那么需要截取到offset到底是什么呢,leader真会返回这样一个leader epoch offset吗?有没有其他可能的情况?我们看getOffsetTruncationState这个方法:
private def getOffsetTruncationState(tp: TopicPartition,
leaderEpochOffset: EpochEndOffset): OffsetTruncationState = inLock(partitionMapLock) {
//如果leader返回的是undefined offset
if (leaderEpochOffset.endOffset == UNDEFINED_EPOCH_OFFSET) {
// truncate to initial offset which is the high watermark for follower replica.
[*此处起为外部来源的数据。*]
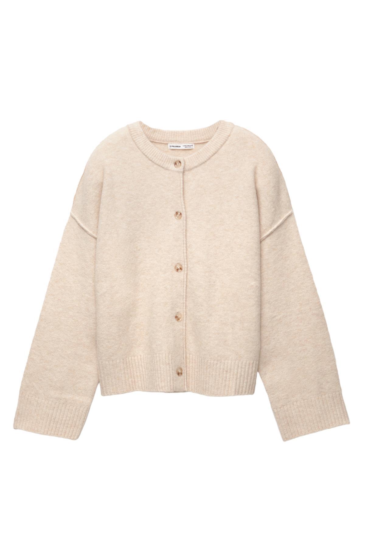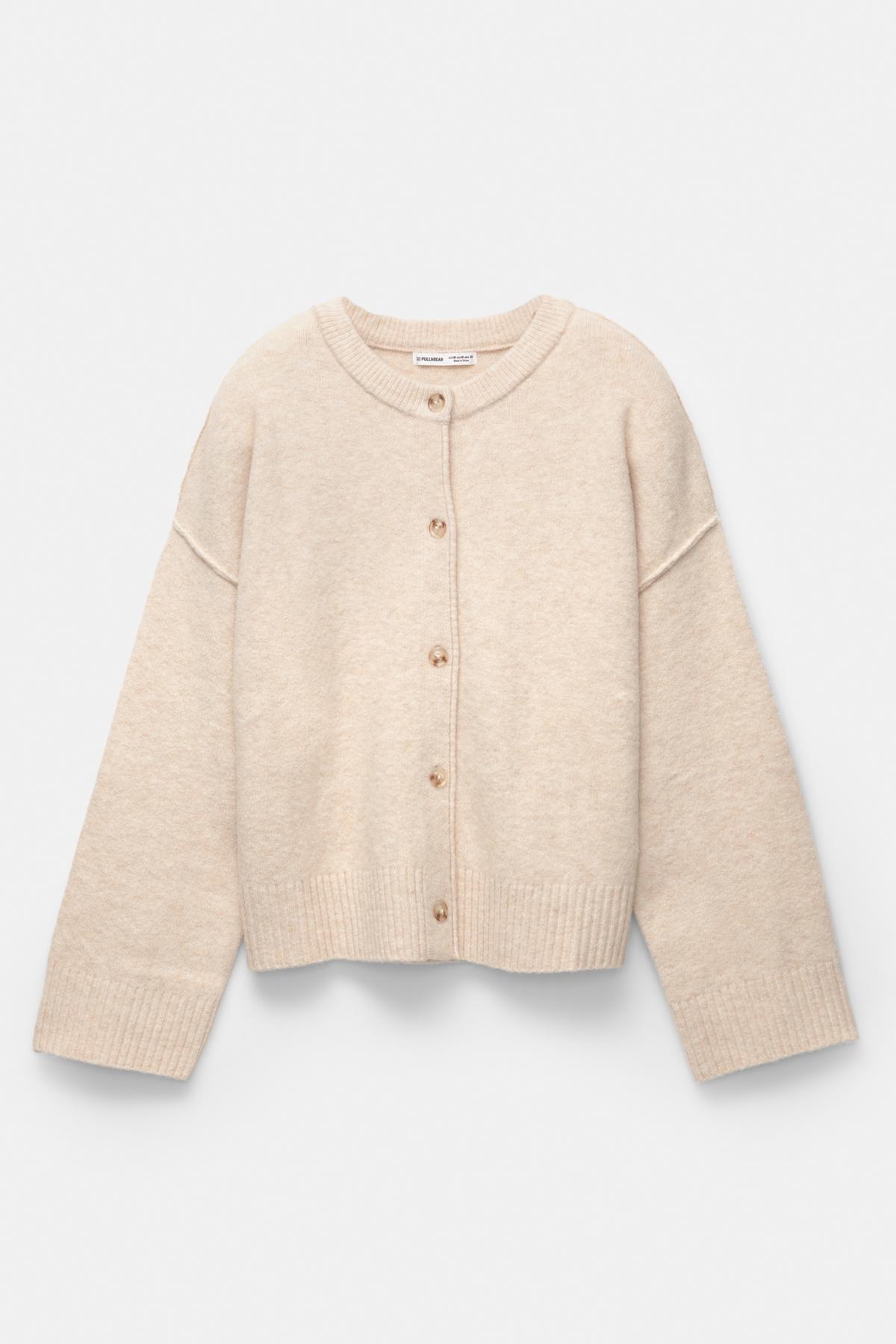 Önden düğme kapamalı ve uzun reglan kollu, soft örgü hırka.

For
// future replica, it is either high watermark of the future replica or current
// replica's truncation offset (when the current replica truncates, it forces future
// replica's partition state to 'truncating' and sets initial offset to its truncation offset)
warn(s"Based on replica's leader epoch, leader replied with an unknown offset in $tp. " +
s"The initial fetch offset ${partitionStates.stateValue(tp).fetchOffset} will be used for truncation.")
OffsetTruncationState(partitionStates.stateValue(tp).fetchOffset, truncationCompleted = true)
} else if (leaderEpochOffset.leaderEpoch == UNDEFINED_EPOCH) {
// either leader or follower or both use inter-broker protocol version < KAFKA_2_0_IV0
// (version 0 of OffsetForLeaderEpoch request/response)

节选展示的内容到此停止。